Bigdodgetrain, thanks for the information about John. It serves to make this thread more interesting in many ways. Besides, he has an outstanding birthday.


----------



## laz57 (Sep 19, 2015)

As far as getting an edge on the starter set market? I think people will still go for the Lionel name. Reason is because that is what they grew up with or because someone has told them to buy Lionel. Menards on the other hand if they would get into the starter set market, would have to have a product that is bulletproof. Lionel has the facilities to deal with returns and the technicians to work on them. I don't know if Menards would have all this or invest monies to do so.


----------



## Guest (Jan 7, 2019)

*"Lionel has the facilities to deal with returns and the technicians to work on them."*

If the returns continue to stack up, this could turn out to be a big problem. Maybe all right if the folks are in no rush.


----------



## seayakbill (Jan 16, 2016)

I was always surprised that RMT did not get into the basic starter sets years ago when they started up the business.. They have the tooling for 4 different locos, could have come out with a 4 car set at a very attractive price.

Bill


----------



## towdog (Oct 2, 2015)

Yep, I don't see Menards get into anything with locomotives. That means dealing with returns, keeping a parts inventory., developing a control system. It's not in the cards.

I think their next step might be to buy some structure or scenery companies. Maybe Woodland Scenics or Scenic Express? Or maybe a diecast company. Or maybe even Lemax. Either way, I think they keep anything they might be a subsidiary that runs as is. Menard's doesn't have time to devote so much attention to a fickle hobby-based business.


----------



## seayakbill (Jan 16, 2016)

I don't see Menards in the train business for the long haul. They will continue on for a few more years then shut it down. Probably a better margin in their bird seed business than the toy train business.

Bill


----------



## Guest (Jan 8, 2019)

Brian, I think that if Menards made train sets or even a locomotive or two it would hurt Lionel but I don't think it would knock them out. It might be the wake up call they need, or might motivate the current owners to sell the company to someone who knows what he/she is doing.

I don't see why Menards would get out of the train business as long as it's profitable, even after John Menard retires. I don't know whether or not his heirs would have the same passion for trains that he does but we shall see.


----------



## rogruth (Mar 6, 2012)

Lionel was well known when I was a kid and was still well known when ny kids were kids.
They were in the Sears and Wards catalogs, department stores and various types of specialty and hardware stores. Where do you regularly see Lionel trains today? I don't
think most "kids" under 30 ever heard of Lionel.


----------



## seayakbill (Jan 16, 2016)

rogruth said:


> Lionel was well known when I was a kid and was still well known when ny kids were kids.
> They were in the Sears and Wards catalogs, department stores and various types of specialty and hardware stores. Where do you regularly see Lionel trains today? I don't
> think most "kids" under 30 ever heard of Lionel.

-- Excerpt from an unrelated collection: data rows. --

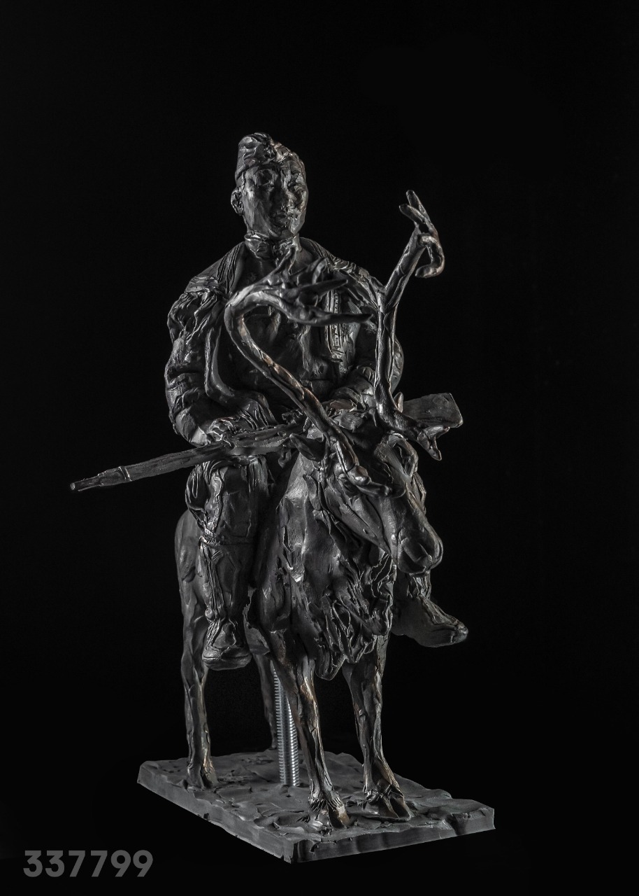 В скульптуре «Воин на олене» мне понравилась национальная одежда поверх гимнастерки, на которой видны медали. Отличная идея показать национальный колорит. На мой взгляд, олень – слишком оригинальное видение. Может возникнуть ошибочное мнение, что в бой шли на оленях. Я думаю, что национальную одежду можно показать накинутой на одно плечо, больше показать военную форму снайпера. Оленя, думаю, лучше использовать в композиции - но идущего рядом. В любом, случае это был честный конкурс! Пожелаем авторам успешной творческой деятельности.
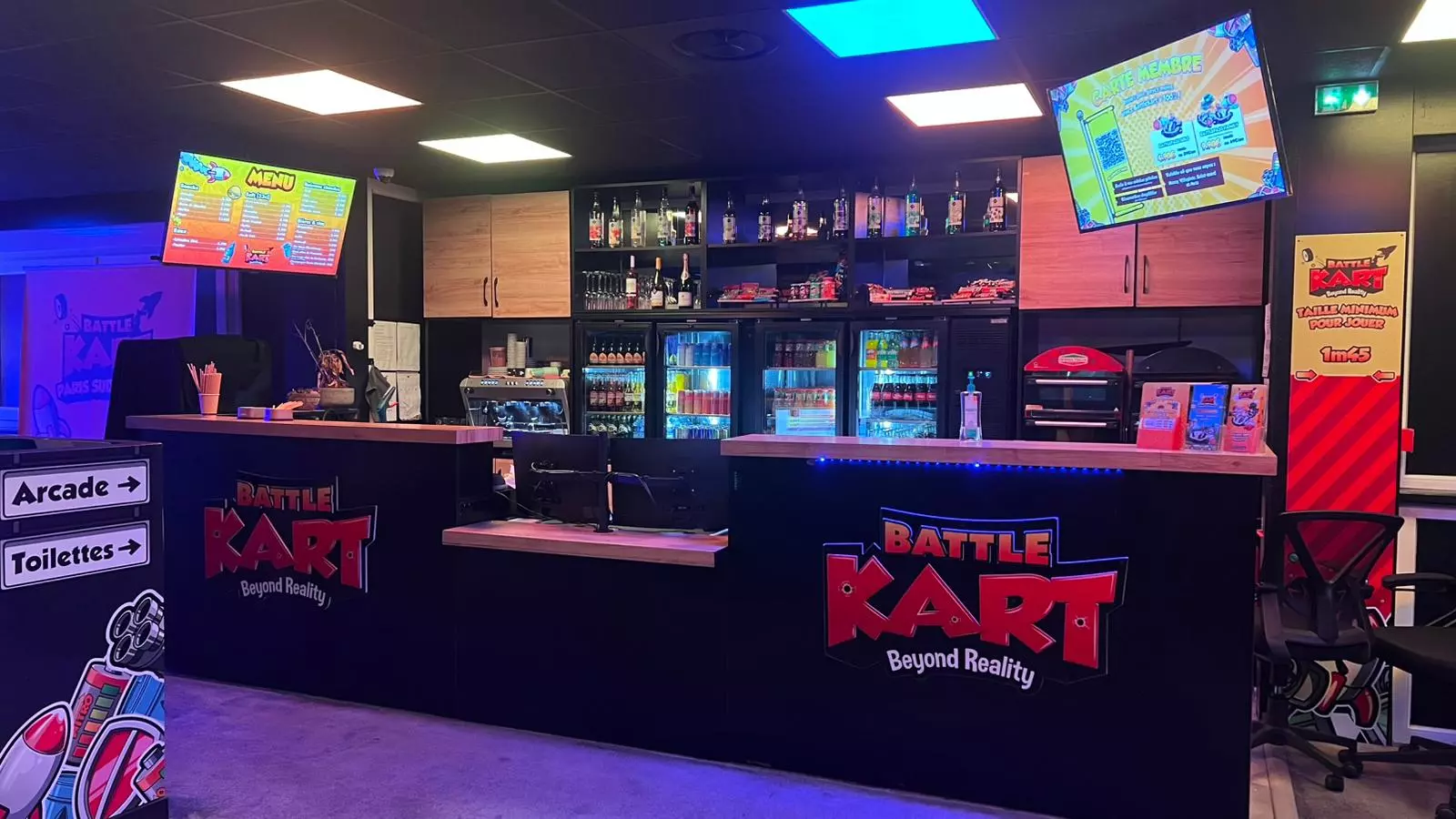 BattleKart is above all a concentrate of emotions, sensations and fun accessible to all (from 1.45m)! You drive real electric karts on a track with no physical obstacles, but through virtual worlds We use a large number of projectors fixed to the ceiling of our hall to project different circuits and game modes onto the floor. Your kart is equipped with sensors and on-board electronics so that the karts interact with the elements on the track and with each other. For example, pick up a bonus square on the ground and a rocket will appear on your dashboard. Press the yellow button and the rocket will shoot off in front of your kart. If it hits one of your opponents, they’ll be slowed down for a few seconds and you’ll be able to overtake them!
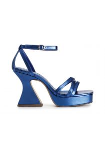 Patent-effect sandals with three bands and elastic at the back. ankle strap. 90mm-high reel heel and platform. comfortable shoe characterised by its square toe. simple wrap-around upper.
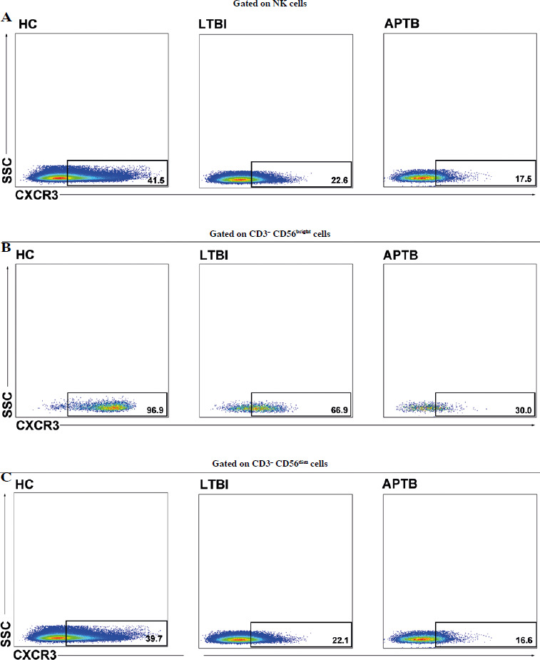 Compared with HCS, the frequencies of CXCR3+ NK cells, CXCR3+ CD56bright NK and CXCR3+ CD56dim NK cells were greatly reduced in both LTBI and APTB patients (Fig. 5).
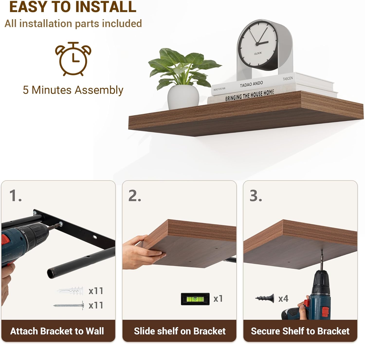 24 Inch Floating Shelves, 24"x9.25"x1.5" Inch Deep Floating Shelves for Wall, Wooden Shelves for Bathroom, Bedroom, Living Room, Walnut

Yep, ask any 20 something to 30 something youngster what they think about Lionel and they will tell you that they either like or don't like his music.

Bill


----------



## ogaugeguy (Feb 3, 2012)

I don't see Menard's becoming a major force in the RTR starter segment of this business as they sine they're regional and lack the pipeline necessary for national distribution for such sets. While they do have an e-commerce online presence, I suspect the majority of such rtr sets are impulse buys done at brick and mortar stores where family members see such sets and can take them home with them. By being a regional chain in a minority of this country's 50 states they'd be missing a significant percentage of the prospective rtr starter set buying public.


----------



## ogaugeguy (Feb 3, 2012)

seayakbill said:


> I don't see Menards in the train business for the long haul. They will continue on for a few more years then shut it down. Probably a better margin in their bird seed business than the toy train business.
> 
> Bill


I agree. Not to be crass about it but being a family owned business with Menard's owner nearing 80 years old, I wonder if when he passes, whether other family members will have the desire and expertise to continue with this segment of Menard's business, especially if the profits generated by it aren't that significant to the company's bottom line and making it worth the effort needed to both carry on and continue being innovative. For the current owner, I'd guess this is a labor of love rather than a major money maker for his company.


----------



## Chugman (Jun 17, 2015)

I wouldn't be surprised if Menards has concerned Lionel, but I doubt it has wounded them. Lionel's biggest problem is them selves. Our best hope is that they will be taken over by some genuine train people before it is too late.

Art


----------



## gunrunnerjohn (Nov 10, 2010)

seayakbill said:


> Yep, ask any 20 something to 30 something youngster what they think about Lionel and they will tell you that they either like or don't like his music.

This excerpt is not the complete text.